Thursday, May 1, 2014

Capital Error


By Jonah Goldberg
Wednesday, April 30, 2014

The botched execution of Clayton Lockett is getting a lot of attention this morning. As a supporter of the death penalty, I think it’s necessary for executions to be as humane and unsensational as possible.  But I am unable to muster much sympathy for Mr. Lockett himself, given the nature of his crime:

    Stephanie Neiman was proud of her shiny new Chevy truck with the Tasmanian Devil sticker on it and a matching “Tazz” license plate.

    Her parents had taught the teenager to stand up for “what was her right and for what she believed in.”

    Neiman was dropping off a friend at a Perry residence on June 3, 1999, the same evening Clayton Lockett and two accomplices decided to pull a home invasion robbery there. Neiman fought Lockett when he tried to take the keys to her truck.

    The men beat her and used duct tape to bind her hands and cover her mouth. Even after being kidnapped and driven to a dusty country road, Neiman didn’t back down when Lockett asked if she planned to contact police.

    The men had also beaten and kidnapped Neiman’s friend along with Bobby Bornt, who lived in the residence, and Bornt’s 9-month-old baby.

    “Right is right and wrong is wrong. Maybe that’s what Clayton was so scared of, because Stephanie did stand up for her rights,” her parents later wrote to jurors in an impact statement. “She did not blink an eye at him. We raised her to work hard for what she got.”

    Steve and Susie Neiman asked jurors to give Lockett the death penalty for taking the life of their only child, who had graduated from Perry High School two weeks before her death.
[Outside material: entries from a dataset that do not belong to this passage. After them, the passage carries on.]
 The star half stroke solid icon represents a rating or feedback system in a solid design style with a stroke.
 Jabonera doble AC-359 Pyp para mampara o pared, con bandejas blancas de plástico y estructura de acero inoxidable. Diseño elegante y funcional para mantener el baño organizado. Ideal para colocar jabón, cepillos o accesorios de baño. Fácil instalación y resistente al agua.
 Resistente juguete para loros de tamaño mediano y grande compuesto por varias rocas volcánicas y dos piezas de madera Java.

    Lockett later told police “he decided to kill Stephanie because she would not agree to keep quiet,” court records state.

    Neiman was forced to watch as Lockett’s accomplice, Shawn Mathis, spent 20 minutes digging a shallow grave in a ditch beside the road. Her friends saw Neiman standing in the ditch and heard a single shot.
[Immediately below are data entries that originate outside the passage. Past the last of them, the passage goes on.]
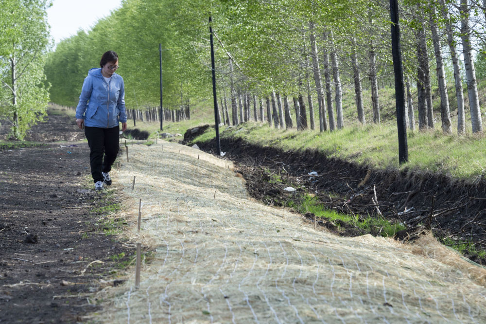 2022年5月23日,在黑龍江省海倫市前進鎮(zhèn)光榮村,黑龍江省農業(yè)科學院科研人員在進行坡面生態(tài)修復的黑土坡耕地中查看治理情況。
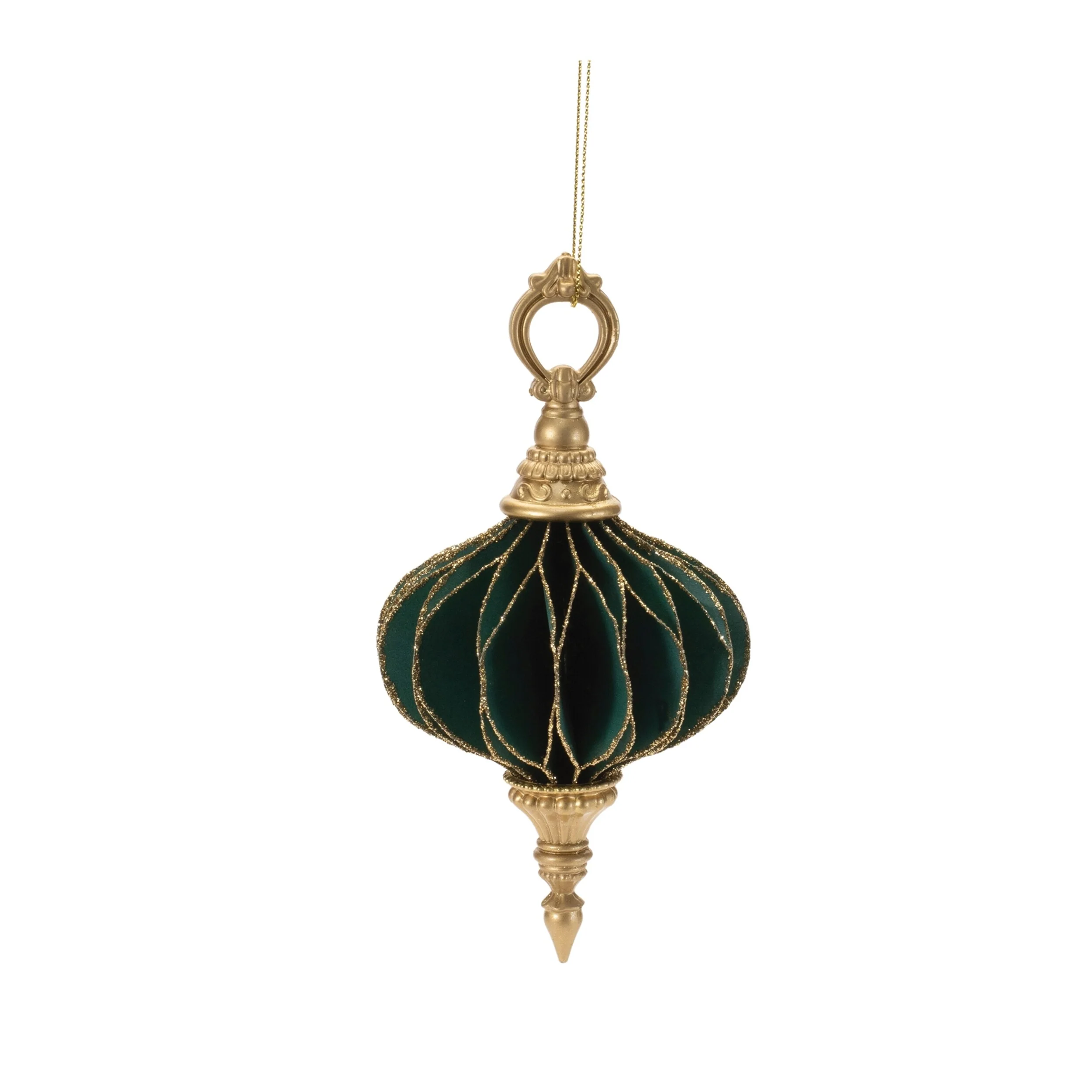 Enhance your seasonal decor with this set of 6 folded paper and plastic ornaments, each beautifully crafted in classic ball and onion shapes. These ornaments feature layered textures and come in a mix of 6", 7", and 7.25" sizes, adding visual interest and depth to your holiday display. Finished in festive green and gold with a shimmering glitter accent, they bring a refined touch to Christmas trees, garlands, or tabletop arrangements. Each ornament includes a string for easy hanging and showcases a decorative top cap for added charm. Ideal for indoor holiday decorating or as a stylish gift set.
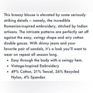 FAHERTY LIANA boho embroidered TOP M
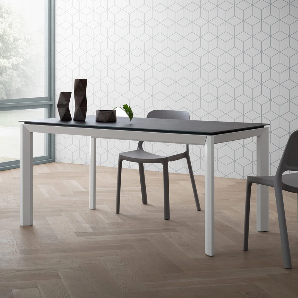 Mesa de comedor extensible hasta 240 cm en cerámica laminam y aluminio Made in Italy.
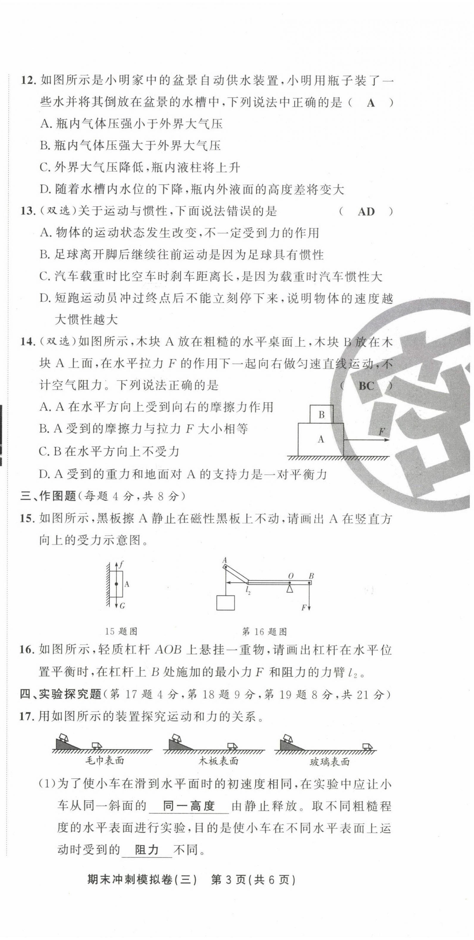 注:目前有些书本章节名称可能整理的还不是很完善,但都是按照顺序排列的,请同学们按照顺序仔细查找。练习册 2021年金状元直击期末八年级物理下册人教版 答案主要是用来给同学们做完题方便对答案用的,请勿直接抄袭。

    Lockett returned to the truck because the gun had jammed. He later said he could hear Neiman pleading, “Oh God, please, please” as he fixed the shotgun.

    The men could be heard “laughing about how tough Stephanie was” before Lockett shot Neiman a second time.

    “He ordered Mathis to bury her, despite the fact that Mathis informed him Stephanie was still alive.”

Meanwhile another Oklahoma death-row inmate, Charles Warner, has had his execution delayed — perhaps indefinitely — because of the fiasco with Lockett. Mr. Warner was convicted of raping and murdering an eleven-month old girl. Yes, you read that correctly. When the baby’s mother came home, she found her “limp and lifeless.” ”Her skull, jaw and ribs were fractured. Her liver was lacerated, her spleen and lungs were bruised.”

In an unrelated case, he was charged with beating a five-year-old girl with an extension chord, and raping her as well.

Many of the accounts of Lockett’s botched execution make it clear that it was a terrible thing to watch. From the L.A. Times:

    The lawyer emerged from Lockett’s execution Tuesday deeply troubled.

    He had filed into the execution observation room with a fellow lawyer and other witnesses, including reporters and corrections staff members.

    Lockett’s family was not there, the lawyer said — the prisoner had asked his relatives not to come.

    “He didn’t want that to be their last image of him,” Sanderford said.

    The lawyer said he was later grateful for Lockett’s decision.

    “It was an awful thing to witness,” he said of the procedure, likening the experience to torture.

I have no doubt it was a terrible spectacle to behold, but it still seems like far easier viewing than the crimes that led to the spectacle.